Pension Plans and the Small Business Owner
small business and pensions

Small business owners need to understand the risks and rewards of starting a pension for employees.


If you own a business, and want an easy tax deduction, many so-called investment professionals want you to open a pension plan, so you can deduct the contributions to the plan.

While tax deductibility is one of the benefits, there are a number of duties and issues which come with the plan setup. This article is designed as a starting point so the business owner understands the risks and rewards of starting a pension for your employees.

The Type of Plan

Most advisors suggest a 401K plan, which is an arrangement where employees can redirect part of their paycheck to fund their own retirement, and the employee can pick among a variety of investment choices .

Small business owners like that idea, because the majority of the funding comes from the employee, not from the business.

However, there are limits on how much the highly compensated company leaders can allocate for themselves, based upon the amount the lower –paid rank and file employees put in to the plan. In order to induce employees to contribute, employers may set up an automatic withdrawal for employees, so they don’t actually feel the cash coming out of that paycheck.

Employers may also lure the employees to contribute by offering a matching company contribution, which isn’t immediately owned by the employee. Those matching contributions don’t become irrevocable, or “vest”, until  3 to 6 years of employment.

There are other types of plans including defined benefit plans or an employee stock ownership plans.

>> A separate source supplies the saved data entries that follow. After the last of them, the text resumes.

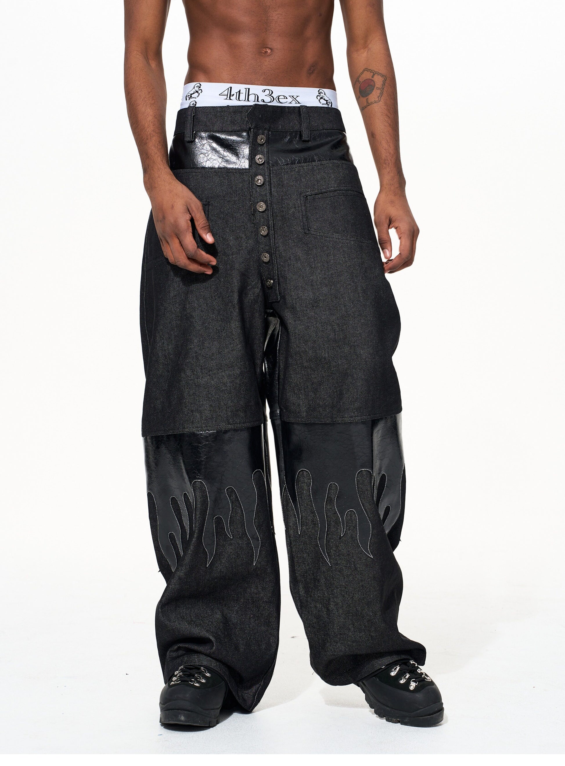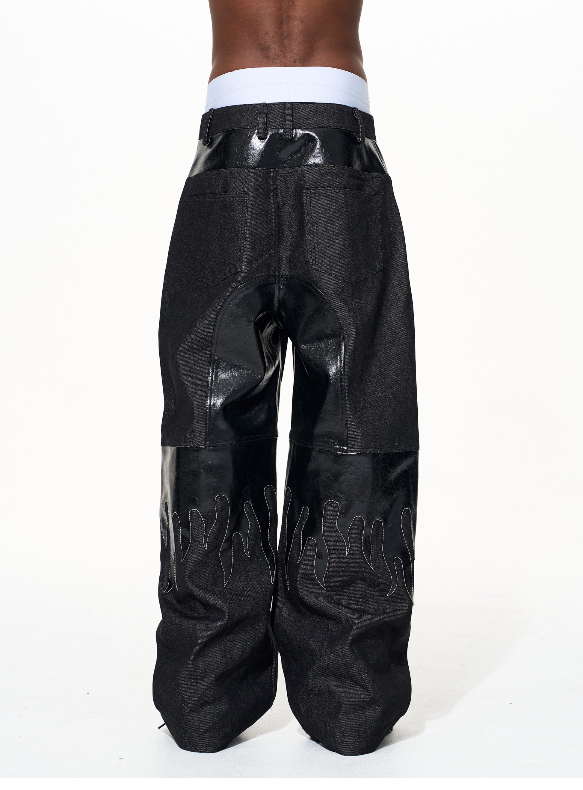 Flame Pattern Leather Jeans
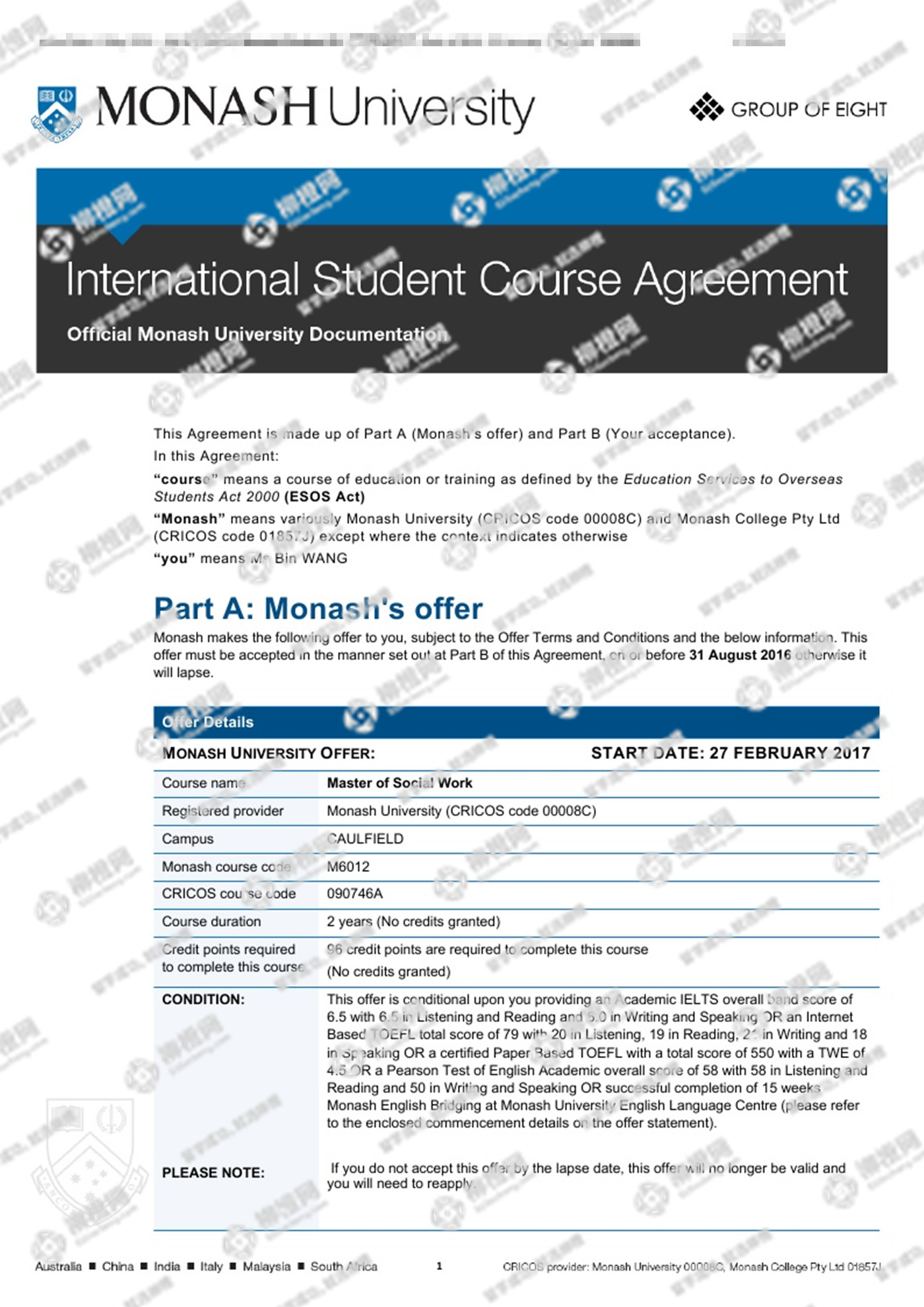 王同学,双非背景,均分85,在柳橙网专业老师的帮助下,成功拿到了莫纳什大学的offer
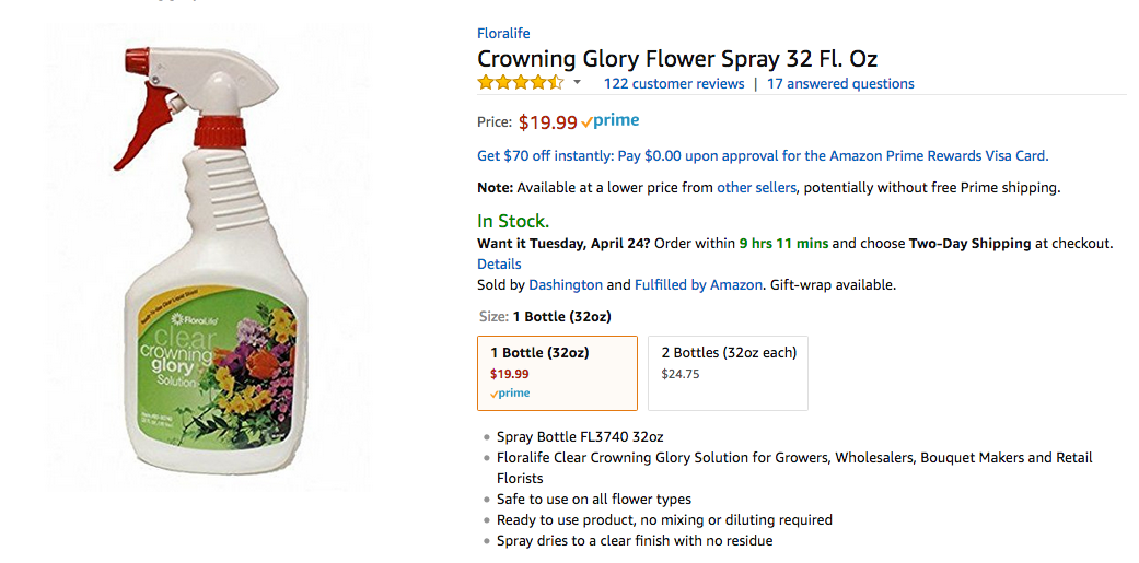 It might seem like a lot to spend…..but if it keeps your expensive flowers looking good for more than a week….it is worth it.  A little goes a long way too.
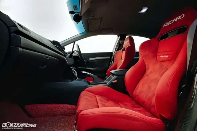 图:座椅十分漂亮,这款RECARO就是三菱EVO的同款SPJ,虽然已经是老产物,但是设计上一点都不过时。
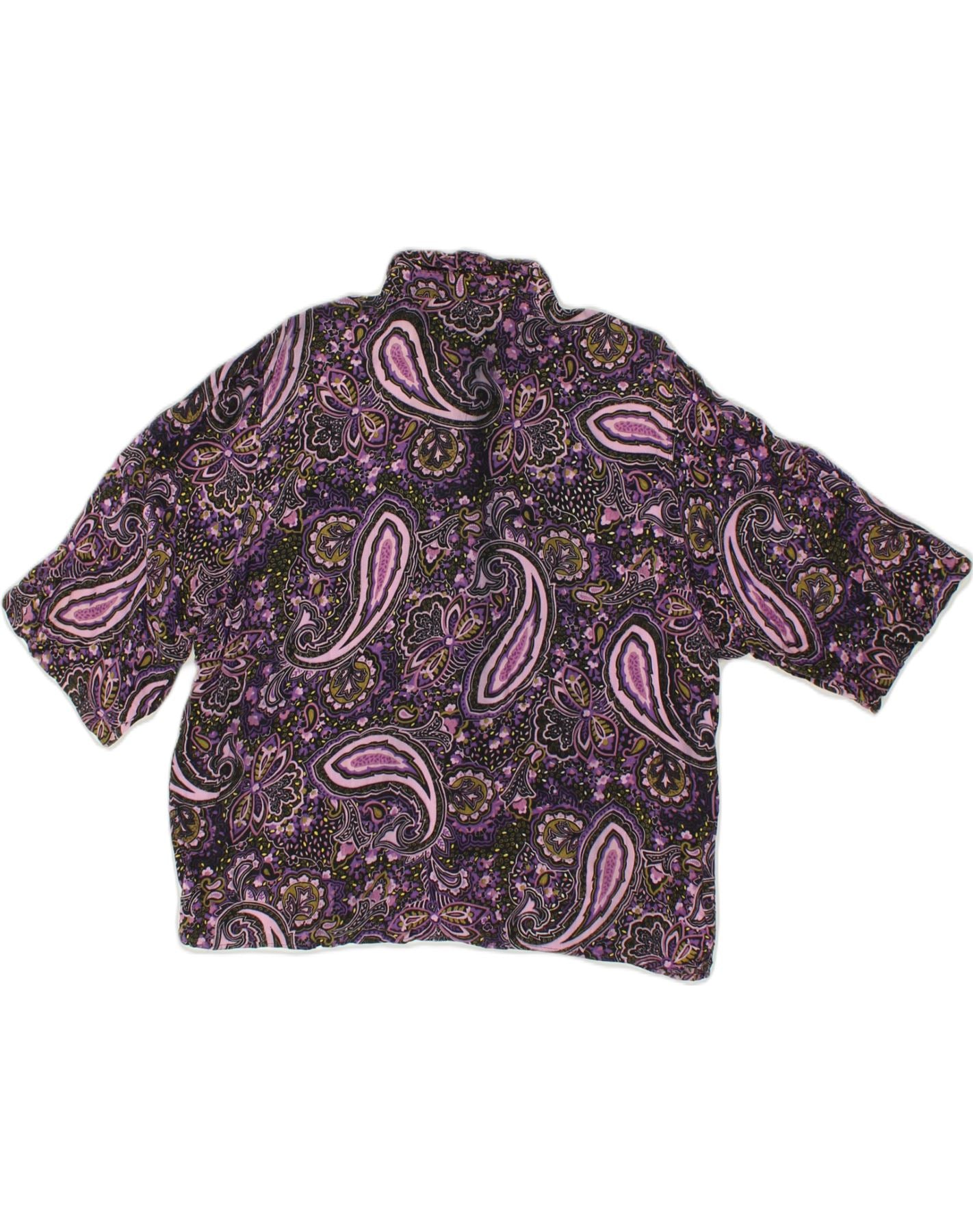 Home > Винтажная одежда Benetton > Женский > BENETTON Женская блузка-рубашка с коротким рукавом UK 20 2XL Фиолетовый хлопок с цветочным принтом
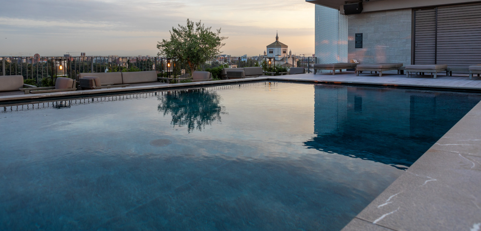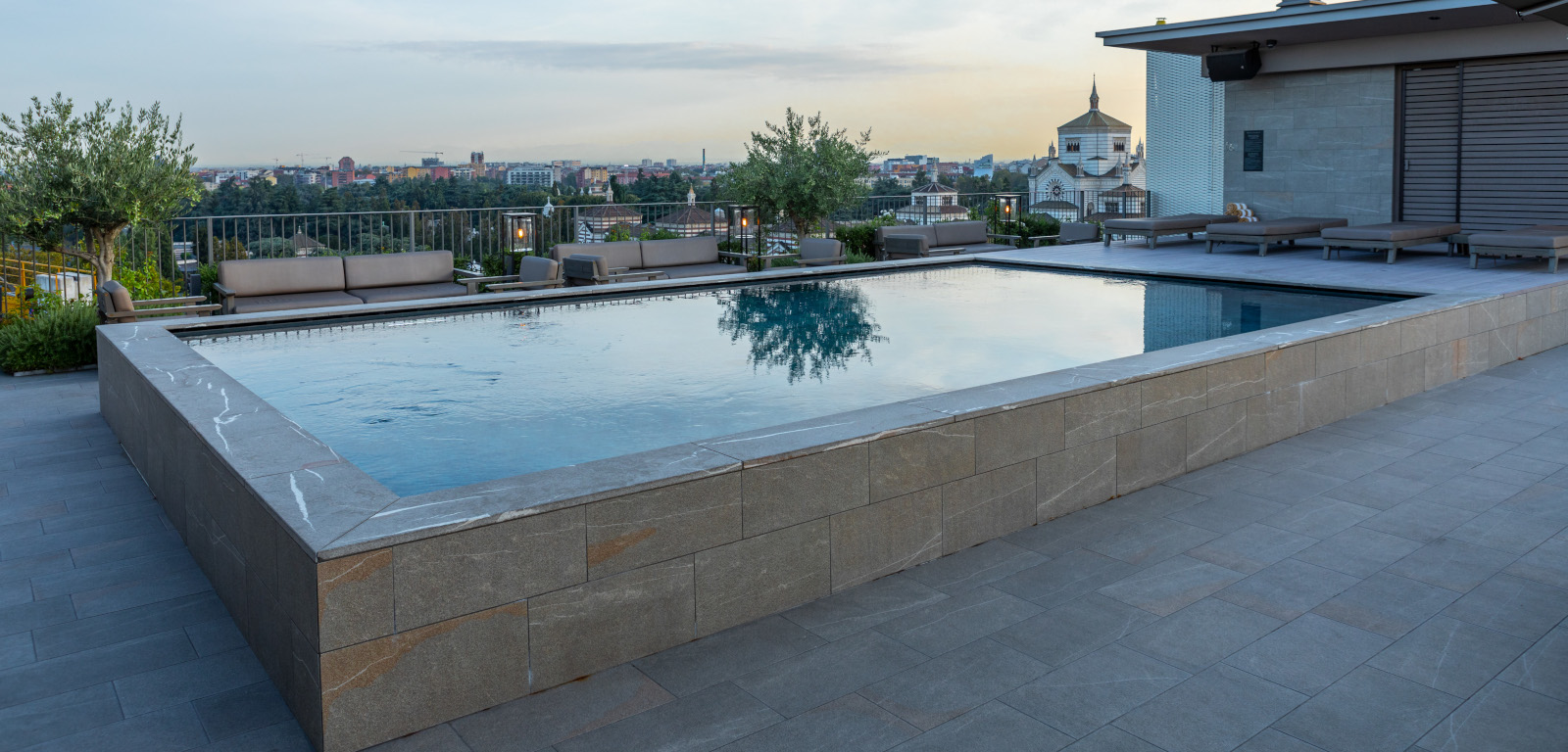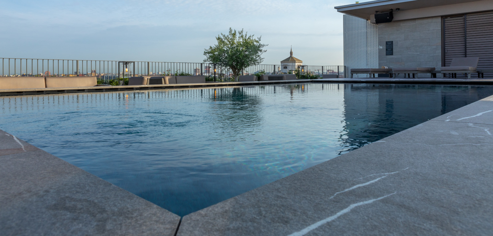 Creata sulla terrazza all’ultimo piano dell’edificio, la piscina rettangolare con rivestimento interno Touch è l’ideale per il relax della clientela dopo una giornata trascorsa a spasso per la città.
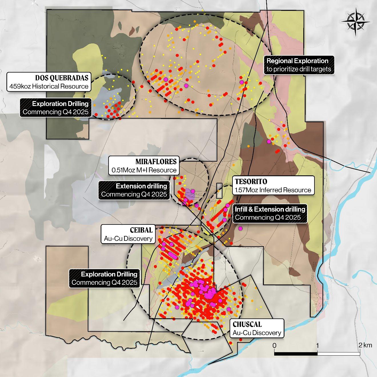 All deposits outcrop and remain open for expansion, indicating significant potential for resource additions. Drilling at Miraflores will test Mineral Resource expansion at depth, while at Tesorito it will test expansion at depth and along strike.
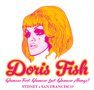 The Doris Fish Forever logo featuring a Doris Fish self-portrait taken from the 1979 Sluts A Go-Go show flyer. Updated with the Glamour First motto and Sydney • San Francisco mark.
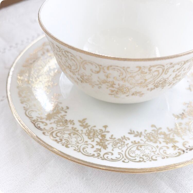 フランス直輸入のホワイトとゴールドカラーが際立つ、シンプルで上品なカップ&ソーサーです。
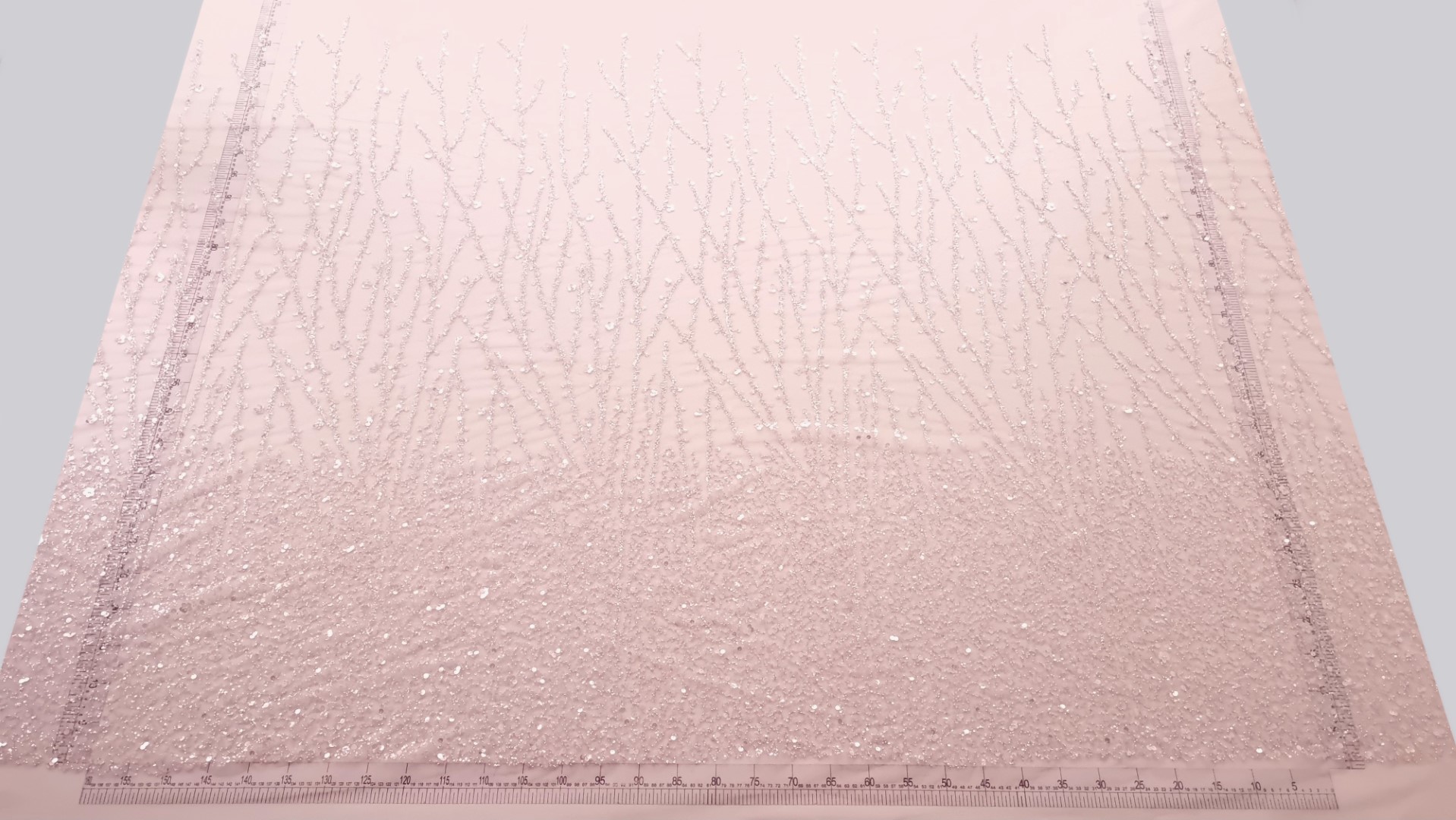 Caracteristici Broderie argintie cu siraguri pe tulle roz pudra:

Those types of arrangements are seldom started by small businesses because they cost too much to maintain, require significant contributions from the company and often have undesired  consequences for the  company and its stockholders.

Fiduciary Duty of the Sponsor and Trustee

The owner of the company which sponsors the plan may have significant responsibilities to assure that the plan is operating in the best interest of the employees.

Seven of those duties include:

1.   Allowing the employees a variety of investment choices from low-risk/guaranteed return investments to high-risk high potential reward funds.

2.   Ascertaining that the investment choices are not burdened with  excessive fees or expenses which reduce the investment returns.

3.   Computing the correct amount to be withdrawn from employees who opt in to the withholding arrangement.

4.   Depositing employee money on a timely basis, which is usually 3 to 5 days after the payroll is computed and paid to the employees.

5.   Filing an annual form called a 5500 with the IRS and Department of Labor  in a manner that is accurate and on time.

6.   Updating the plan as laws change to be assured that the plan operations comply with the updated law.

7.   Assuring that persons hired to handle the pension compliance rules, including the third party administrator,  the plan’s attorney and CPA,  the asset custodian  and investment advisor are all competent.

These are only a sample of the duties the employer-sponsor must accept.

The Department of Labor and the IRS have increased their oversight on 401K plans, and are imposing stiff fines on those plans that do not meet their legal duty. However, the fines are never paid from employee investments, so the likely responsibility will rest  with the sponsoring company or its officers , or  the plan trustee .

Investment advisors often forget to explain these risks and obligations since it defeats their opportunity to earn the advisory fees they could obtain if the owner knew how much effort is really involved.